The US Food and Drug Administration (FDA) has granted orphan drug designation (ODD) for AstraZeneca’s Fasenra (benralizumab) to treat eosinophilic granulomatosis with polyangiitis (EGPA), a rare autoimmune disease that can cause damage to multiple organs and tissues.
Fasenra is AstraZeneca’s first respiratory biologic. The treatment was developed with the company’s global biologics research and development arm MedImmune and is in-licensed from BioWa.
AstraZeneca chief medical officer and global medicines development executive vice-president Sean Bohen said: “EGPA is a rare, but debilitating inflammatory disease and patients with the disease typically have very high levels of eosinophils.
“Our clinical trials for Fasenra in severe, eosinophilic asthma show it depletes eosinophils and we are exploring the potential of this medicine to address unmet medical needs in other eosinophil-driven diseases.”
AstraZeneca’s first respiratory biologic Fasenra is a monoclonal antibody that binds directly to IL-5 receptor α on eosinophils and attracts natural killer cells to induce rapid, as well as near-complete depletion of eosinophils through apoptosis.
Fasenra is currently approved as an add-on maintenance treatment in severe, eosinophilic asthma in the US, EU, Japan, and several other jurisdictions. Further regulatory reviews are ongoing.
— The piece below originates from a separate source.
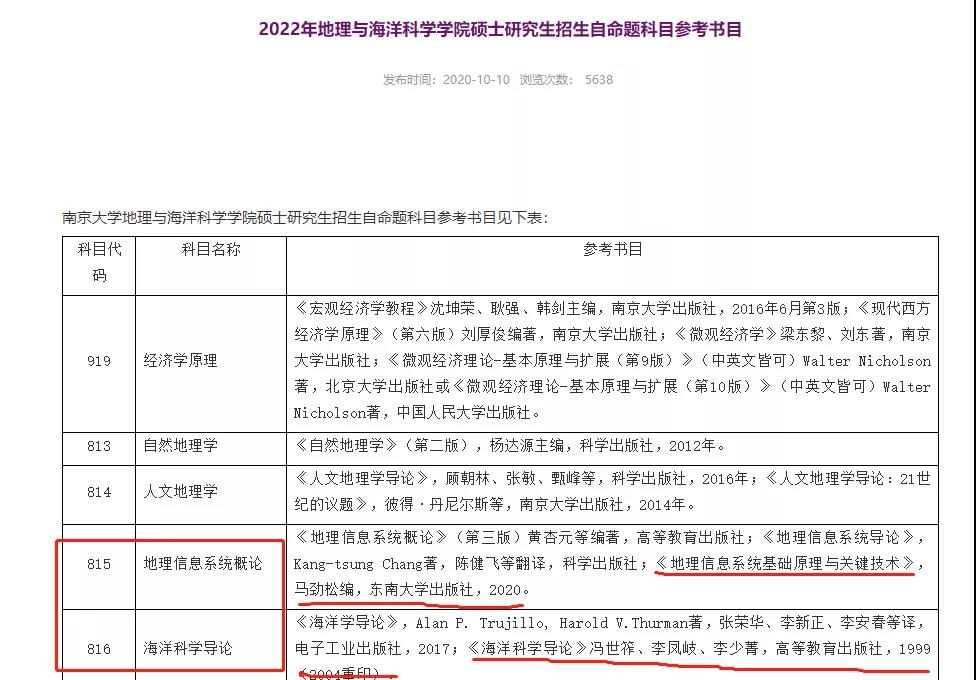 南京大學地理與海洋科學學院關于初試科目《地理信息系統概論》和《海洋科學導論》的參考書目各添加了一本:

Where approved, the biologic is available as a fixed-dose subcutaneous injection through a prefilled syringe given once every four weeks for the first three doses. Later on, it will be administered once every eight weeks.
The company has not yet started Phase III trials for Fasenra in EGPA, which was formerly known as Churg-Strauss Syndrome. It is characterised by inflammation of blood vessels and the presence of elevated levels of a type of white blood cell known as eosinophils.